Mike was entertaining a dentist and a botanist at his condo on a Sunday morning when he thought to prove them wrong by performing his “magic.” He grabbed a diamond from the fruit bowl on his counter and gave it a squeeze. I sat in the corner of the room with the last cup of coffee in my hand, the last cup in the house. Mike hadn’t noticed, nor had he had a cup since the night before, and so I watched him bleed to death before my very eyes.

We buried him on a Sunday in an open field where they used to grow coffee beans. Coal Mike could squeeze a diamond into coal. It was a worthless talent–pointless and expensive as well. But still I chiseled a tombstone out of coal and wrote onto it, Here lies Solomon Grundy, in hopes that he’d return.

September 17, 2007

The Dog License Guy

The sky was murky with the heat of a mid-August evening as I pushed my way upwards to the top of Baker Street. Lined with manicured lawns and infested by track homes that stood as monuments to the virus known as urban sprawl, this street was just like the others in the community. Potter, Blacksmith, Commonwealth; all of the streets shared the same characteristics, from the malformed court at the bottom to the blasphemous incline at the top. And here I was, traversing it like a sterile Johnny Appleseed, spreading my dog licenses from home to home.

But by four o’clock, I could feel the energy lagging behind, following me from half a block down the hill, forcing me to stop. Just a half-hour to go!, I thought. Keep on truckin’! What an expression! If I had a truck I wouldn’t have been this miserable.

My feet ached when I approached door number four thousand, or as they labeled it: 1027 Baker St. Sweat pilfered my forehead, robbing it of any nutrients required to keep a sun burn at bay. Heat from the road itself mocked me, pointing out my faults: my weak knees, the bags under my eyes, and the mess of hair hanging to my shoulders. When I knocked on the wooden door, I was shocked to hear life within. Probably soaking in the A/C, enjoying their wide screen television (HD-compatible), and having a better time than me.

I could hear the scurrying footsteps of children, or perhaps a small woman passing the door, and then, seconds later, harder, slower thumps. The father figure, no doubt; come to pay the tax man. The door swung open, and before me stood a massive figure, one straight out of Freaks. His rope-like figure wobbled in the light breeze while his hair seemed plastered to his leather-like parchment of a skin. His feet pointed in opposite directions while his toes danced; each individual digit seemed to have mastered rhythm and beat as they conducted a jazzy ensemble on the linoleum. His hands were not; that is to say, that where a hand should have been, there hung an orb-like mound of flesh that had been given the texture of a meat mallet, all ridges and flat pyramids. But strangest of all was the lack of a face; just a brown circular object on top of a Twizzler, with two large, irregular holes in the center, and a straight line for a mouth.
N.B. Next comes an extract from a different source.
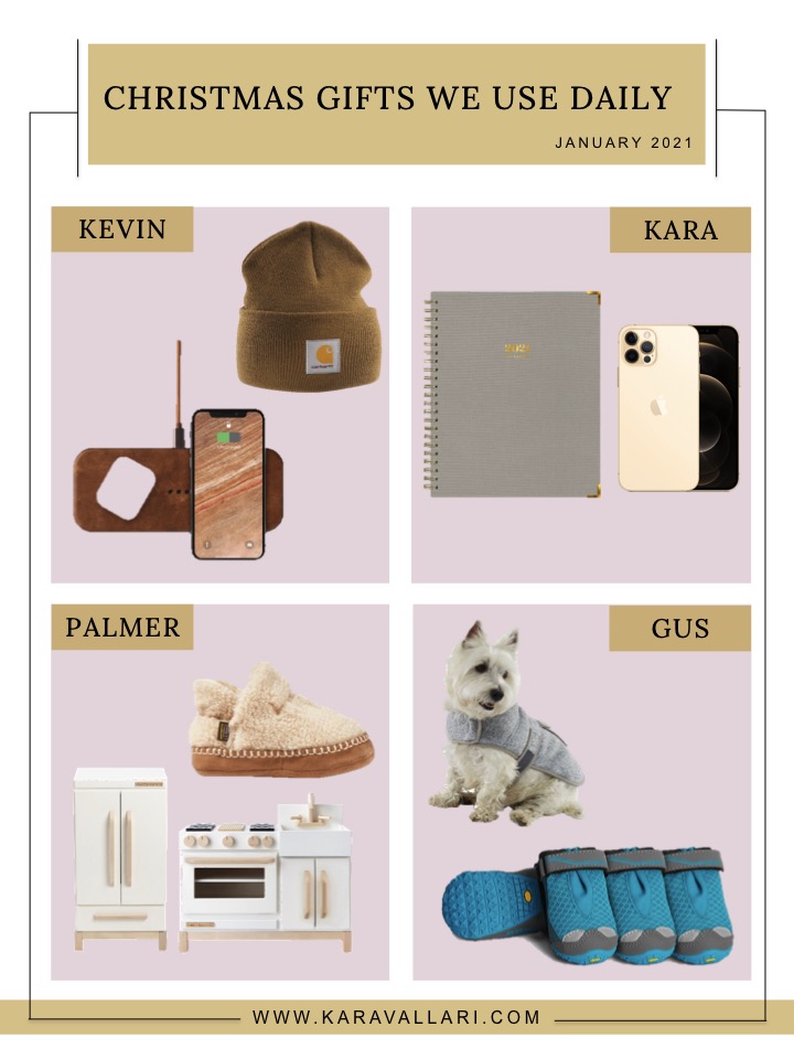 We’re almost a month out from Christmas now so I thought it would be fun to do a post on the Christmas gifts we’ve used almost daily since we opened them. It’s been eye opening to see which gifts deliver the biggest bang for your buck and which are still in their original packaging. A few that made the list were definitely a splurge but many were under $50 and well worth it. One item not pictured that I’m sure will top the list is Kevin’s surprise gift to me – a Peloton! It hasn’t arrived yet but I’m already using the app to do workouts multiple times a week and I can’t wait to get spinning. I promise to report back with a review after I’ve tried it out. Cheers!

“Who is it, dad?” came the voice of a girl behind him. I ripped my eyes from the monstrosity before me and witnessed the child-thing born of his loins: this half-human, half-dog sin. Her body seemed to be that of a terrier, but all semblance of a dog ended at the neck, where, like Frankenstein’s monster, her head had been stitched. She had lovely blonde hair and a cute nose.

“Can I help you?” the father-thing asked.

I cocked my head to the side, curled my lips, and squinted before I wiped my forehead with the back of my hand.

“She have a license?” I asked, pointing towards his dog-ter.

“Oh, sure,” he said. He reached down, patting his preposterous knee–a hamburger bun on a rabbit, if you can imagine it. The girl came to his side. He folded in half, wrapped his clubs around the terrier neck, and retrieved a collar, which he then handed to me. I took it from him, looked it over, and nodded.

“Everything looks fine here,” I said. “Have a good day, sir!”

“You too!” As I walked away, he shut the door. From within I could hear the chatter of a family mildly interrupted from their daily routine. It sure was hot outside. I believe that I was still envious of their A/C.